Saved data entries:

---+---

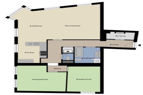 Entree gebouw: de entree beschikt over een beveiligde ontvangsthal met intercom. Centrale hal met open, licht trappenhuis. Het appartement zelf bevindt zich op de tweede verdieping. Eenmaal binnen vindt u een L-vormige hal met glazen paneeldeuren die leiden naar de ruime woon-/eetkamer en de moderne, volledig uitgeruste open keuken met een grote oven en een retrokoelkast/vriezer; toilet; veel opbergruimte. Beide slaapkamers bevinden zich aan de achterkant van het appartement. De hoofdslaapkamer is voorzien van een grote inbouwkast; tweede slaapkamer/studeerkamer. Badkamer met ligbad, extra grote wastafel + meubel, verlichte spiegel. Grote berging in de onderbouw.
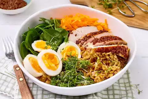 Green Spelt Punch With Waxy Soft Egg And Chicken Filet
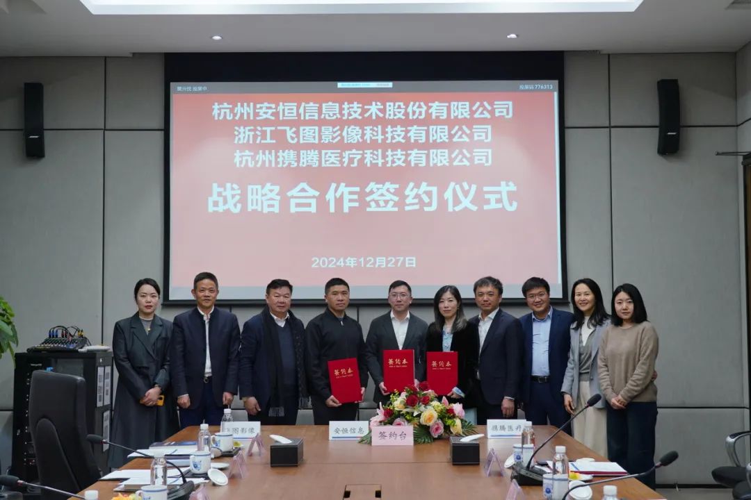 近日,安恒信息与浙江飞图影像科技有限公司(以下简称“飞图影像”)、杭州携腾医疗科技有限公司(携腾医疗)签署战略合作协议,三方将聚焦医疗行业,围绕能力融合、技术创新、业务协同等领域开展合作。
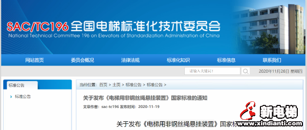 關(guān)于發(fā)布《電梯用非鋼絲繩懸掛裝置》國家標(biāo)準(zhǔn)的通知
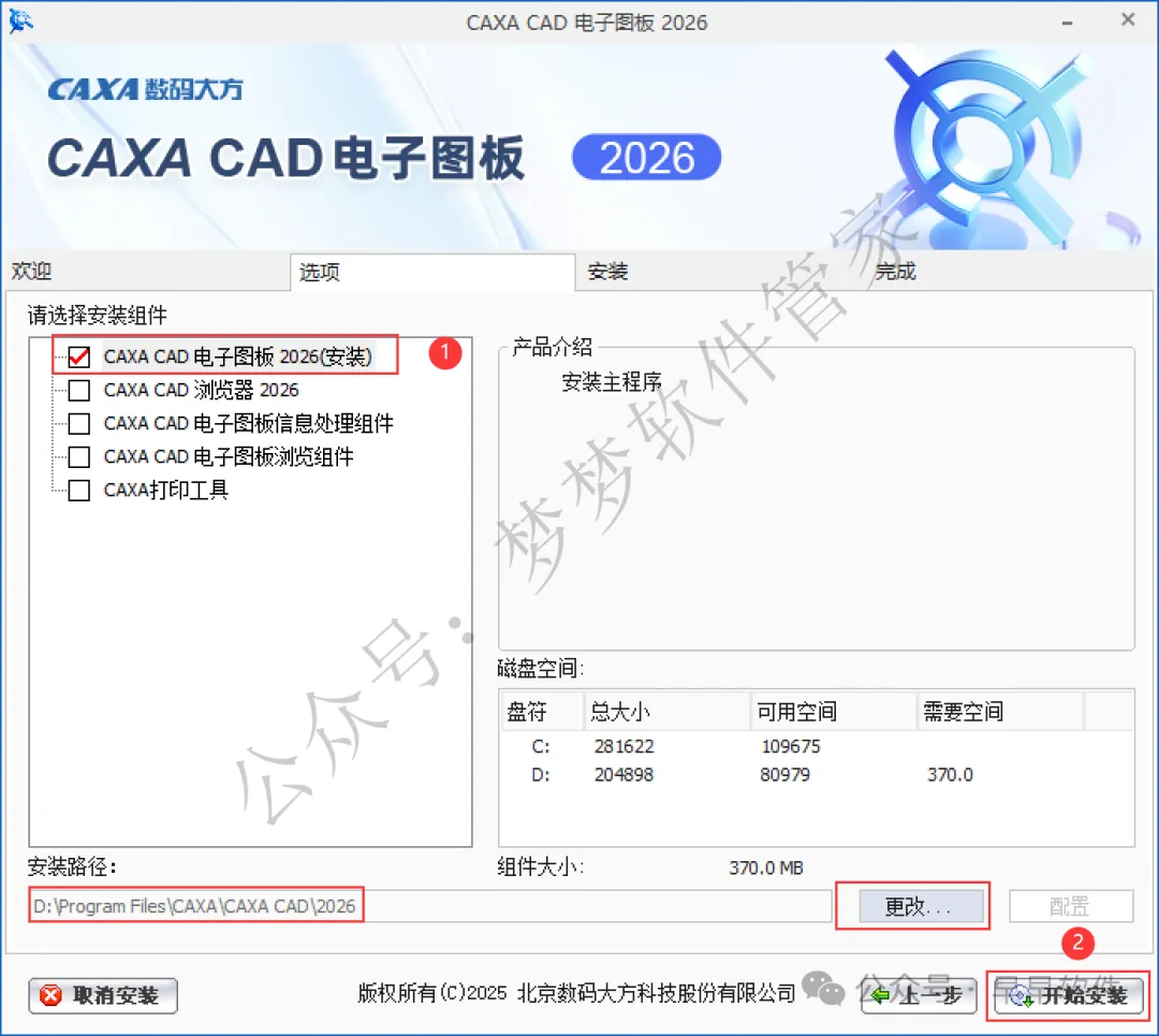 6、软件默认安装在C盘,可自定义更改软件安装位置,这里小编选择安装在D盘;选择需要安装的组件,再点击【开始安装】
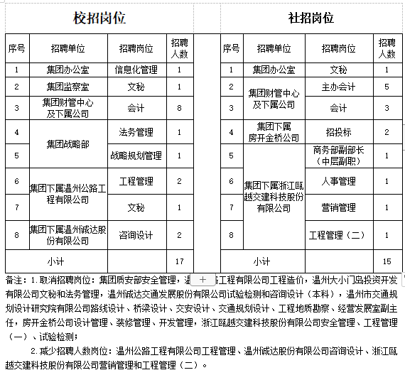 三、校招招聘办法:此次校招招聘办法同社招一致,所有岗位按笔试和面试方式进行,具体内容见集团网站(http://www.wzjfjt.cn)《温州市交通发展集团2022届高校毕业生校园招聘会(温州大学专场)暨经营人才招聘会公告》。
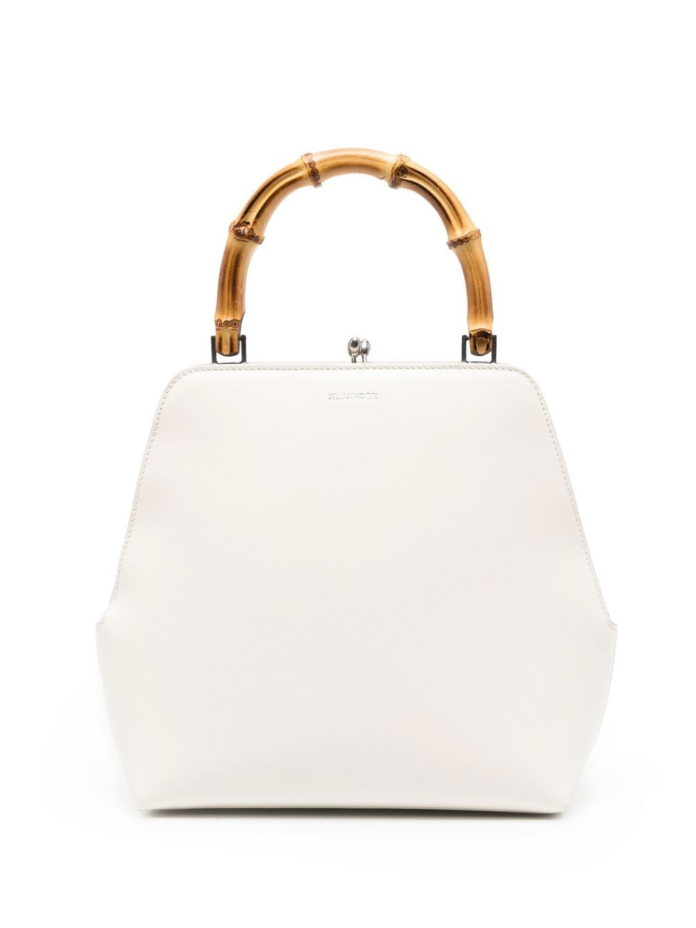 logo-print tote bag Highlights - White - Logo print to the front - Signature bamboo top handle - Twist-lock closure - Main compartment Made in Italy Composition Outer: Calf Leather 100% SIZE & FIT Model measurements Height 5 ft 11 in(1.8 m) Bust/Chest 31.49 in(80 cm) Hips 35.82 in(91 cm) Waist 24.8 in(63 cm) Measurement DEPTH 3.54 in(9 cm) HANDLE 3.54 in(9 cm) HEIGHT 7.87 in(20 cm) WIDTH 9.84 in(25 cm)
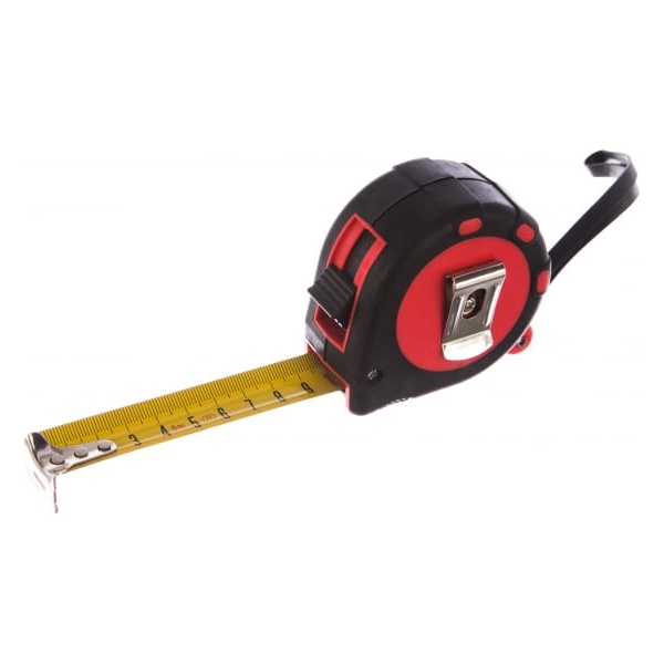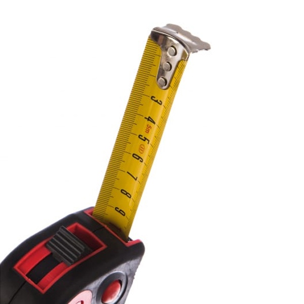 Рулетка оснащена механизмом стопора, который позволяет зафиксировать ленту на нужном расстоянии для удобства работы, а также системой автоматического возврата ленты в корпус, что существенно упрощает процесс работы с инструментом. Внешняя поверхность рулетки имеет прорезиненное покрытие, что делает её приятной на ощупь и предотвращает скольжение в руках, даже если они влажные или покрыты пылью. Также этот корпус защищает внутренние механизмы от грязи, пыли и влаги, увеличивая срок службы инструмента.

---+---

__PROBLEM__.
Can the lines from the start of the records through the line with "logo-print tote bag" be given again exactly, with the pictures left out?

__COMPLETED TASK__.
 Entree gebouw: de entree beschikt over een beveiligde ontvangsthal met intercom. Centrale hal met open, licht trappenhuis. Het appartement zelf bevindt zich op de tweede verdieping. Eenmaal binnen vindt u een L-vormige hal met glazen paneeldeuren die leiden naar de ruime woon-/eetkamer en de moderne, volledig uitgeruste open keuken met een grote oven en een retrokoelkast/vriezer; toilet; veel opbergruimte. Beide slaapkamers bevinden zich aan de achterkant van het appartement. De hoofdslaapkamer is voorzien van een grote inbouwkast; tweede slaapkamer/studeerkamer. Badkamer met ligbad, extra grote wastafel + meubel, verlichte spiegel. Grote berging in de onderbouw.
 Green Spelt Punch With Waxy Soft Egg And Chicken Filet
 近日,安恒信息与浙江飞图影像科技有限公司(以下简称“飞图影像”)、杭州携腾医疗科技有限公司(携腾医疗)签署战略合作协议,三方将聚焦医疗行业,围绕能力融合、技术创新、业务协同等领域开展合作。
 關(guān)于發(fā)布《電梯用非鋼絲繩懸掛裝置》國家標(biāo)準(zhǔn)的通知
 6、软件默认安装在C盘,可自定义更改软件安装位置,这里小编选择安装在D盘;选择需要安装的组件,再点击【开始安装】
 三、校招招聘办法:此次校招招聘办法同社招一致,所有岗位按笔试和面试方式进行,具体内容见集团网站(http://www.wzjfjt.cn)《温州市交通发展集团2022届高校毕业生校园招聘会(温州大学专场)暨经营人才招聘会公告》。
 logo-print tote bag Highlights - White - Logo print to the front - Signature bamboo top handle - Twist-lock closure - Main compartment Made in Italy Composition Outer: Calf Leather 100% SIZE & FIT Model measurements Height 5 ft 11 in(1.8 m) Bust/Chest 31.49 in(80 cm) Hips 35.82 in(91 cm) Waist 24.8 in(63 cm) Measurement DEPTH 3.54 in(9 cm) HANDLE 3.54 in(9 cm) HEIGHT 7.87 in(20 cm) WIDTH 9.84 in(25 cm)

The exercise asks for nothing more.